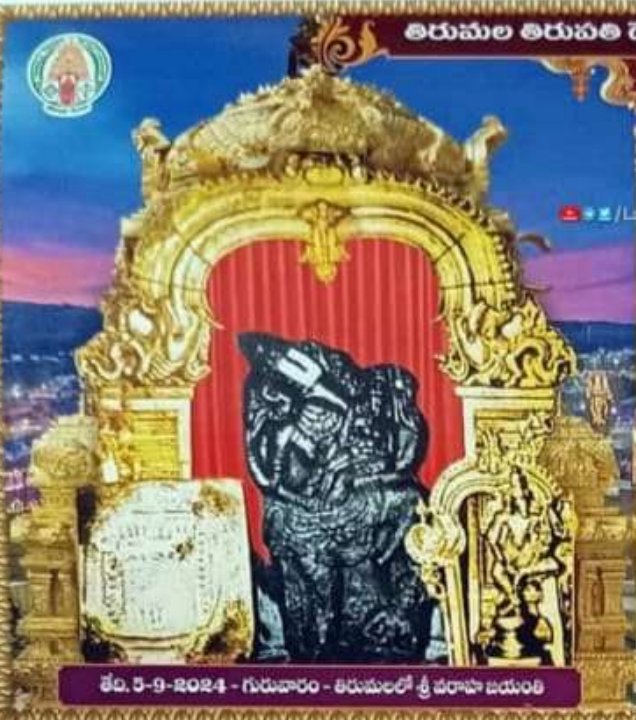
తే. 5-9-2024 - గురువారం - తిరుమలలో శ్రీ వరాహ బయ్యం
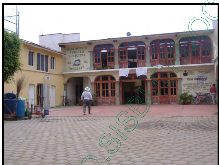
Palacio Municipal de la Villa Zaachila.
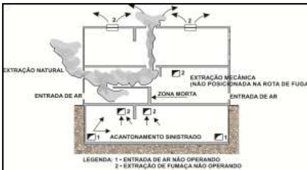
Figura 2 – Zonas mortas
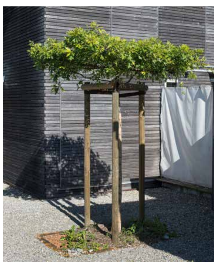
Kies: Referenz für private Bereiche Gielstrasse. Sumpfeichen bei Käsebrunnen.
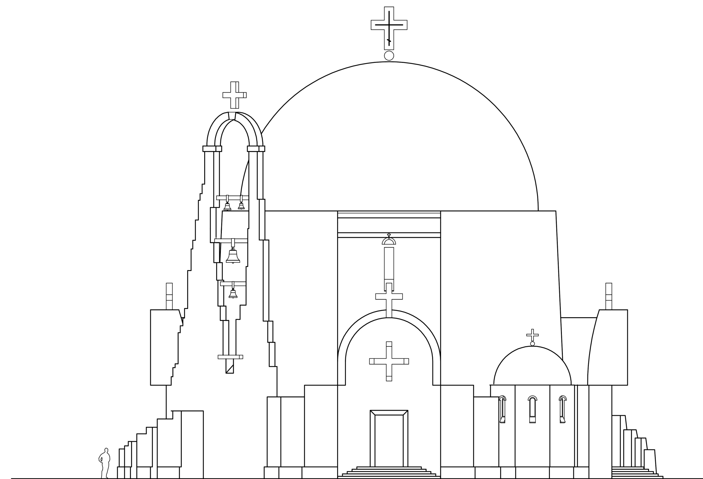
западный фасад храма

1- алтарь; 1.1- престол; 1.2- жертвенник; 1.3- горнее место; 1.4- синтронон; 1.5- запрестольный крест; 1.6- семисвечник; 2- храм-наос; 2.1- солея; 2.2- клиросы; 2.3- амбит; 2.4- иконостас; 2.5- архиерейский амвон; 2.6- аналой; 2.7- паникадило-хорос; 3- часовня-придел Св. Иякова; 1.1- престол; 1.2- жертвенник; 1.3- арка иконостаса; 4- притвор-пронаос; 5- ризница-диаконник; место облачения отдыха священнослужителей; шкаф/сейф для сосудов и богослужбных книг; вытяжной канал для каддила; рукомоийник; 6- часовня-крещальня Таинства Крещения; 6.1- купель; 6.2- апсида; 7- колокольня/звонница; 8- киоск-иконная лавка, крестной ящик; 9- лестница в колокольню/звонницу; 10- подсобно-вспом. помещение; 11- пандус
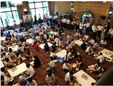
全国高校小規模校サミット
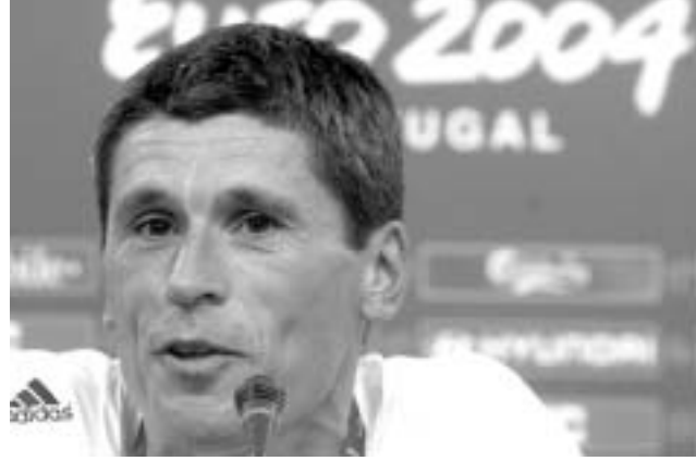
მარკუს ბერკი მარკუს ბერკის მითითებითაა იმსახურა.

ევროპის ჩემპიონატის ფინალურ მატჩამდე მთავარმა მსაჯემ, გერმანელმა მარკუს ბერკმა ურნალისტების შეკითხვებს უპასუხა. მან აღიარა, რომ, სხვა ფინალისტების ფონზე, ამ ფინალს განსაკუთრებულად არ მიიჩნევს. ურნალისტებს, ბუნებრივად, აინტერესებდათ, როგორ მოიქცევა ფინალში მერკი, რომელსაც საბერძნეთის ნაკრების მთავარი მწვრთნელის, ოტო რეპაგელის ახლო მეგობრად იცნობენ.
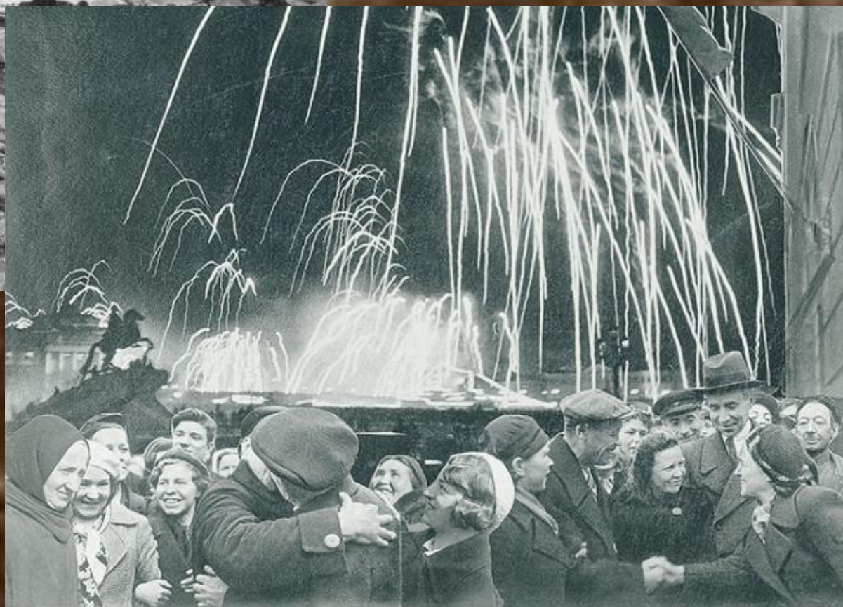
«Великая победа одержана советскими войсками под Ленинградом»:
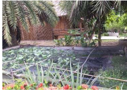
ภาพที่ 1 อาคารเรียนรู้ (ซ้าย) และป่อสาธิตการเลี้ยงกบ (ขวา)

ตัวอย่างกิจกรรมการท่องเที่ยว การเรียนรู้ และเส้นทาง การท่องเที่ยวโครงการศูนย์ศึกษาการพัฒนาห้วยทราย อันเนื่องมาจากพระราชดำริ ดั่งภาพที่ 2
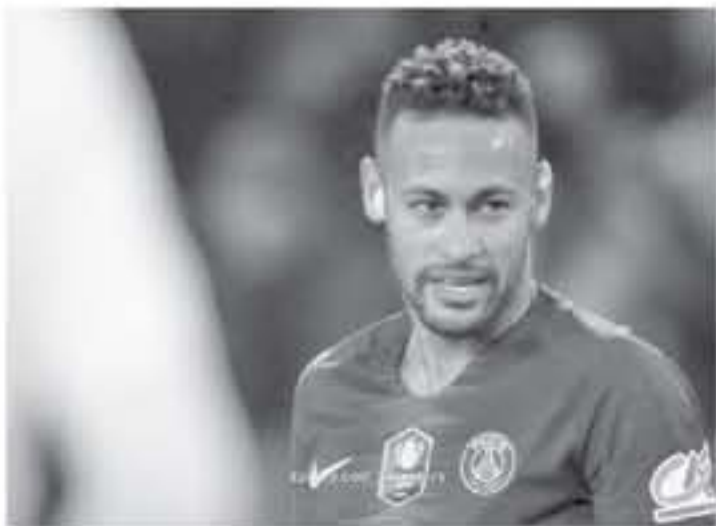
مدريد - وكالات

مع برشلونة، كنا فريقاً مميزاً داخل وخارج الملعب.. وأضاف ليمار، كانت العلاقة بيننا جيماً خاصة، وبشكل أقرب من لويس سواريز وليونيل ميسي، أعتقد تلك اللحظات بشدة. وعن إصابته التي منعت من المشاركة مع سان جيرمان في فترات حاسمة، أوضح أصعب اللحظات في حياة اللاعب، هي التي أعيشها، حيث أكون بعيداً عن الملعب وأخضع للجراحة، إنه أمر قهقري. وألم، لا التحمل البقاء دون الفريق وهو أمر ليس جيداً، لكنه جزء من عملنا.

==

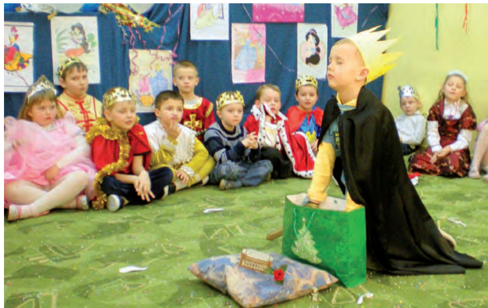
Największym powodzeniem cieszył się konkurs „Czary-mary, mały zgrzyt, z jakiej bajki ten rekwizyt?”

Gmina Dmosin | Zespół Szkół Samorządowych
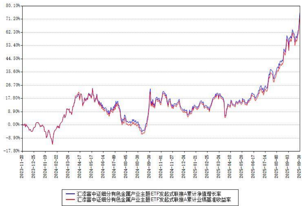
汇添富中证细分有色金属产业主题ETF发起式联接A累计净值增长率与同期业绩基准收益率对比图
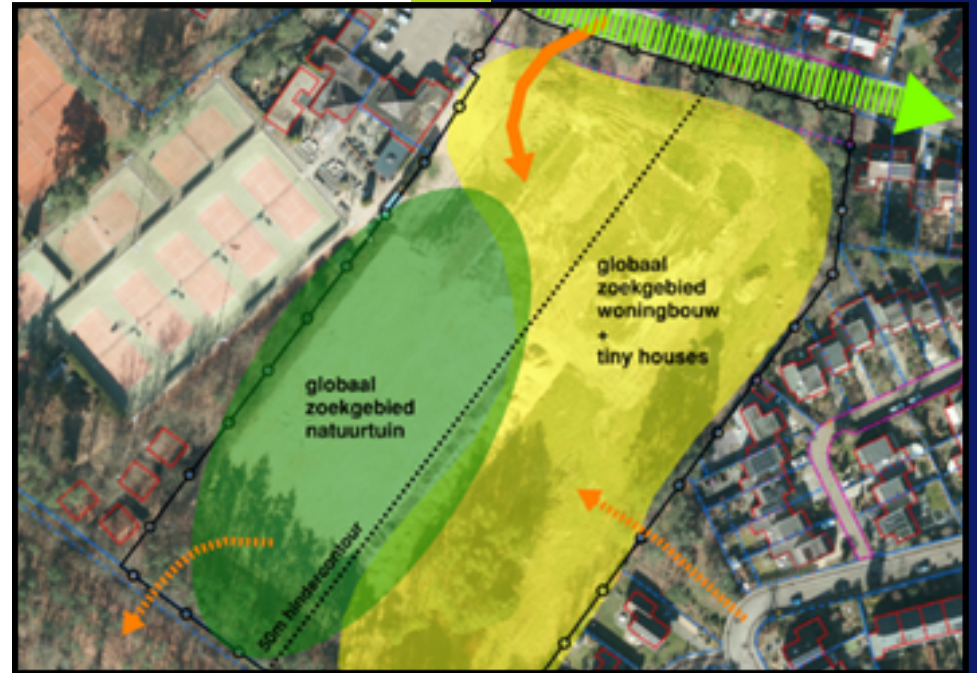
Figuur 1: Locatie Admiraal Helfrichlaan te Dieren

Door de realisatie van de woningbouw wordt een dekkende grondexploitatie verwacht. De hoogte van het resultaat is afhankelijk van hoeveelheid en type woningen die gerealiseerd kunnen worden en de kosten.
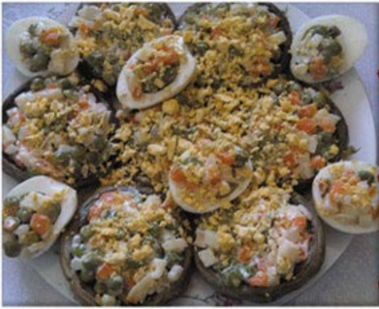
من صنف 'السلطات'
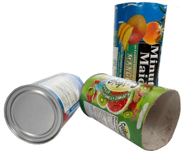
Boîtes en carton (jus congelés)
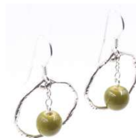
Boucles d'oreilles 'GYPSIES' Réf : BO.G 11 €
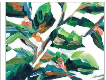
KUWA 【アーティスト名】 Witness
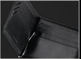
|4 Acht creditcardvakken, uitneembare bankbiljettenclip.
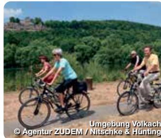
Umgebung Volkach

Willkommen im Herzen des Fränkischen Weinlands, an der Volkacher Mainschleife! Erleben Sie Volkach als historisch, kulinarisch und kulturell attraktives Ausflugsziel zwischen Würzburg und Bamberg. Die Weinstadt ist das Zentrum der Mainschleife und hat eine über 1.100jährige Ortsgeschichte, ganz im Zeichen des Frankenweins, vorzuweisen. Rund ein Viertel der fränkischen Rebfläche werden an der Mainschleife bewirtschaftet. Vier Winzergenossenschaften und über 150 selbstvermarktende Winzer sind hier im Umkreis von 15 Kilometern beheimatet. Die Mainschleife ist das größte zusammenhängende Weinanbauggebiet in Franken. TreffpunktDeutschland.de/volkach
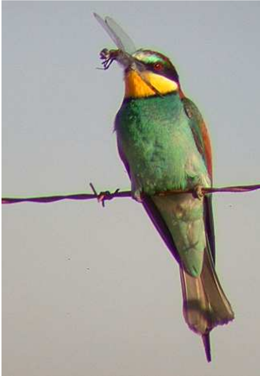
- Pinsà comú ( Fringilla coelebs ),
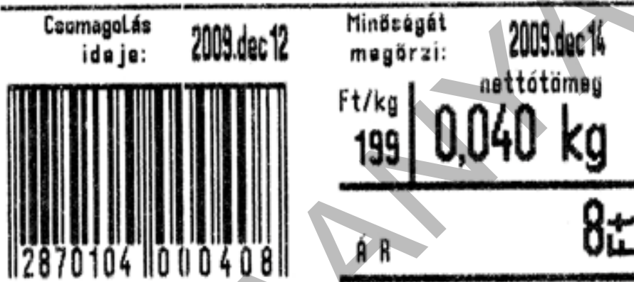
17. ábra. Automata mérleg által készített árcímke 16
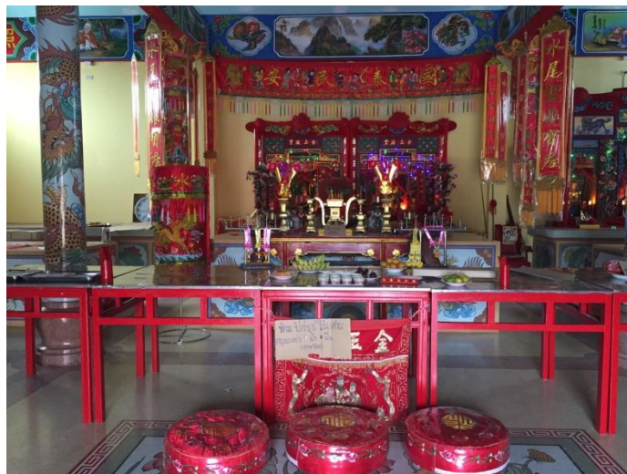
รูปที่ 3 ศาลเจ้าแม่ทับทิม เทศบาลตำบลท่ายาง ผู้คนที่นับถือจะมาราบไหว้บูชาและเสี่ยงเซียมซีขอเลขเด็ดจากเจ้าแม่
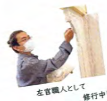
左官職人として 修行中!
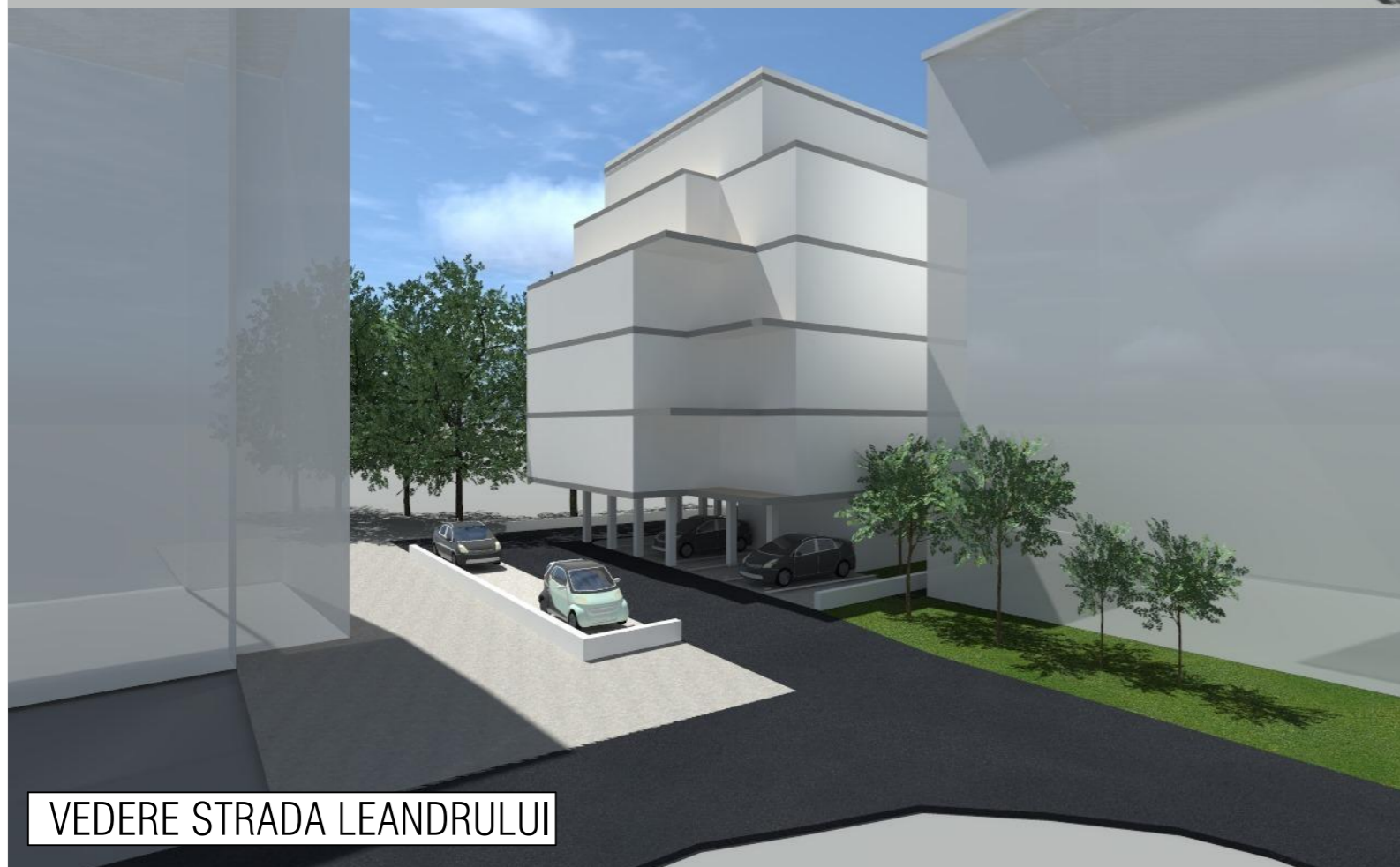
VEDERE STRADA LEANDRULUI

What to do → Your task is to copy every line in the entries that holds the string "მარკუს".

Exercise response →
მარკუს ბერკი მარკუს ბერკის მითითებითაა იმსახურა.
ევროპის ჩემპიონატის ფინალურ მატჩამდე მთავარმა მსაჯემ, გერმანელმა მარკუს ბერკმა ურნალისტების შეკითხვებს უპასუხა. მან აღიარა, რომ, სხვა ფინალისტების ფონზე, ამ ფინალს განსაკუთრებულად არ მიიჩნევს. ურნალისტებს, ბუნებრივად, აინტერესებდათ, როგორ მოიქცევა ფინალში მერკი, რომელსაც საბერძნეთის ნაკრების მთავარი მწვრთნელის, ოტო რეპაგელის ახლო მეგობრად იცნობენ.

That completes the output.